Menschliches Fehlverhalten wird in der Sagenwelt häufig als Auslöser von Naturkatastrophen gesehen. Lawinen, Gletscherabbrüche, Murgänge, Bergstürze töten Menschen und Haustiere und zerstören Hab und Gut oder paradiesische Landschaften, weil die Menschen Grenzen missachten. Hier finden wir Parallelen zur aktuellen Klimaerwärmung und zum rasanten Verlust an Biodiversität: Grenzen des Wachstums und Grenzen der Belastbarkeit unserer Ökosysteme werden wider besseres Wissen missachtet und wir fahren buchstäblich mit Vollgas Richtung Abgrund. Gefährlich bei Katastrophen ist jedoch die Jagd nach Sündenböcken. Hunderte, ja tausende von Menschen, vor allem Frauen, wurden in Europa als Wetterhexen oder Schadenszauberer verhaftet, gefoltert und verbrannt.
Vom Verschwinden der Zwerge
Zwerge, Teufel und rückkehrende Seelen (Geister) sind populäre Sagengestalten. In der Walser Siedlung Macugnaga im piemontesischen Anzascatal heissen die Zwerge «Güötwärchjini», was man mit «Gutwerkende» oder «Gutwirkende» übersetzen kann. Tatsächlich sind die Zwerge in den Sagen fast ausnahmslos sehr hilfsbereit und flink, und sie können mehr als die Menschen; beispielsweise mit einem Korb Wasser holen, entgegen allen Regeln der Physik, ausser das Wasser wäre im gefrorenen Zustand. Sie wissen auch, wo die Kristalle, Eisenerze und Goldadern in den Bergen verborgen sind. Und für den Alpenraum sehr wichtig: Die Zwerge haben die Menschen die Verarbeitung der Milch gelernt, die Herstellung von Butter, Käse und Ziger. Ja, sie wollten den Menschen noch zeigen, wie man aus Molke (auch «Sirte» oder «Chäsmilch») Kerzenwachs gewinnen könnte. Doch durch einen dummen Streich vertrieben die ihren Lehrer.

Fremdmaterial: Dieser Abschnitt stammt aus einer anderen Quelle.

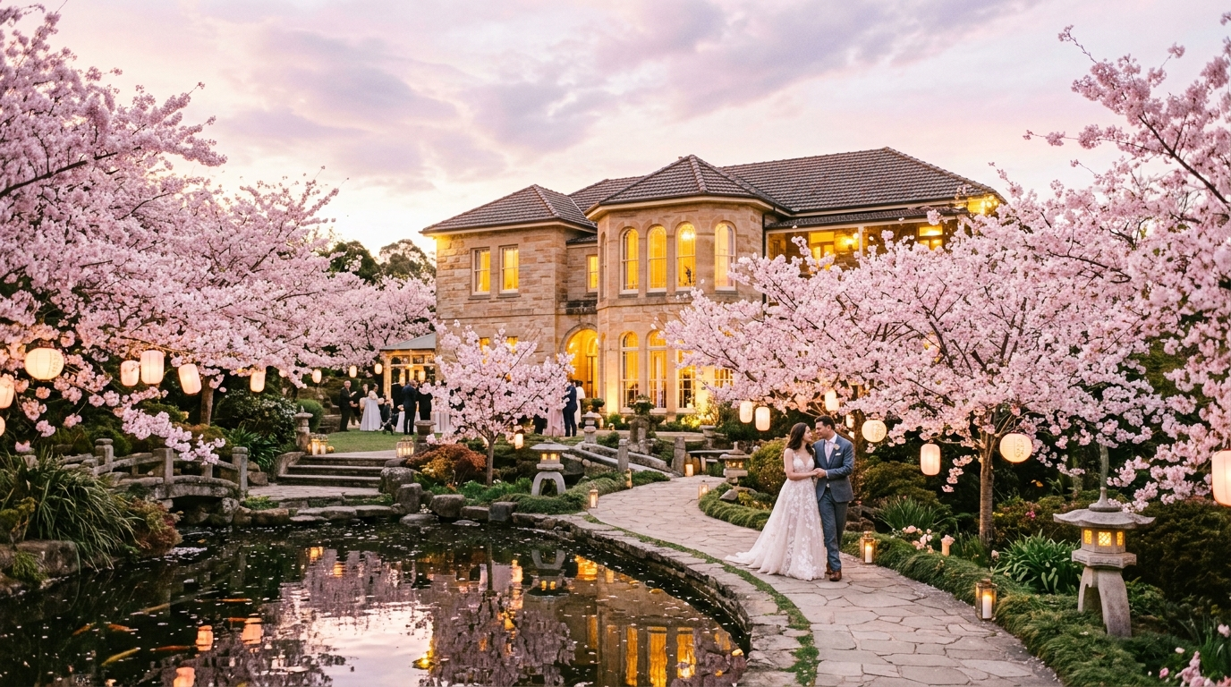 Under a canopy of cherry blossoms in Auburn Botanic Gardens, Kieran got down on one knee with a ring inspired by sakura petals. Hana said yes before he finished the question. They celebrated with champagne and called their families — Tokyo and Tamworth — before the petals stopped falling.
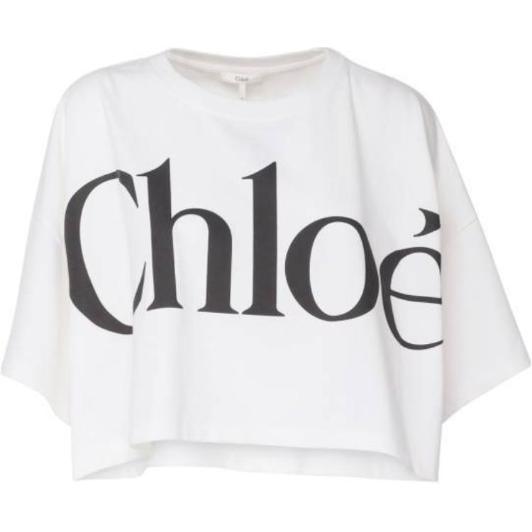 Chloe蔻依 字母Logo印花圆领短款落肩短袖 T恤 女款 白色
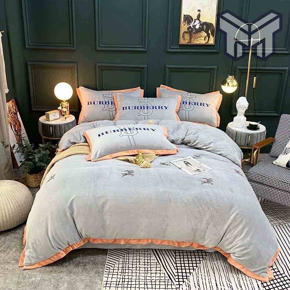 Burberry Bedding Sets, Burberry Grey Fashion New Bedding Set Quilt Sets Duvet Cover Luxury Brand Information:
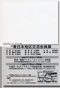東日本交流会員展 栃木県で開催 会期/会場1:2005年11月3日~13日 穐葉アンティークジュウリー美術館1階 栃木県那須郡那須町高久丙1790-20 TEL 0287-76-4580 会期/会場2:2005年11月15日~25日 宇都宮BL(ビュ・ラテン)ダイヤモンド社特設ギャラリー 栃木県宇都宮市伝馬町2-10 TEL 028-632-7750 主 催:JJDA東日本地区委員会 参加者:8名 柏倉主和 黒須京子 小林誠 佐藤壽希子 種澤和彦 種澤節鴻 手塚信夫 船木ゆずか
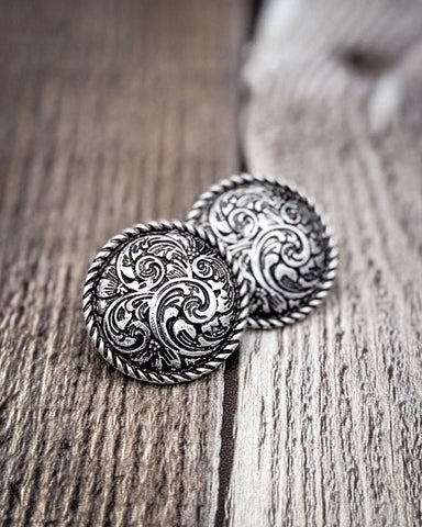 Embrace timeless western charm with the Ellie Western Rope Filigree Stud Earrings. Featuring intricate floral scrollwork framed by a classic rope border, these silver-tone conchos are the perfect everyday accessory for the modern cowgirl. Their subtle shine and detailed craftsmanship make them an effortless match with denim, boots, and turquoise layers — a must-have for any western jewelry collection.
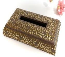علبة مناديل الوجه ديكو محفورة باللون البني مستطيلة الشكل وحامل مناديل 24.5*14*6 سم

Die Zwerge verschwanden laut den Sagen nicht nur wegen der Dummheit der Menschen, sondern auch wegen deren Hartherzigkeit, Verachtung, Ausgrenzung, ja sogar brutalen Gewalt. Ein Säumer im Haslital ärgerte sich über einen Zwerg, der vor ihm auf schmalem Weg mit seinen kleinen Beinen nur langsam vorwärtskam. Also schlug er den Winzling mit der Peitsche, bis der tot umfiel. Da erhob sich ein Geschrei, aus allen Löchern strömten Zwerge vorbei und trugen ihren ermordeten Kollegen davon und verschwanden für immer. In Macugnaga wird erzählt, dass bei der grossen Linde eine Mutter mit ihrem jüngsten Mädchen sass. Da kam eine alte Zwergin vorbei, und das Kind begann sie zu verspotten, nicht nur weil sie so klein war, sondern weil ihre Füsse «umgekehrt» waren, also die Fersen vorne und die Zehen hinten. Der Spott ärgerte die Zwergin derart, dass sie zuoberst auf die Linde stieg, ein Wollknäuel in die Höhe warf und an dem sich abrollenden Faden bis zu den Wolken hinaufkletterte.
Schlussbemerkung
Sagen sind nicht bloss kuriose Erzählungen aus längst vergangenen Zeiten, als es noch keine Elektrizität gab und «digital» ein Fremdwort war. Sie thematisieren und kritisieren menschliche Verhaltensweisen, Irrungen und Wirrungen, die heute leider immer noch aktuell sind. Also lösche ich das Licht, zünde eine Kerze an und beginne zu erzählen, von den Vorderen und meine die Heutigen. Homo narrans.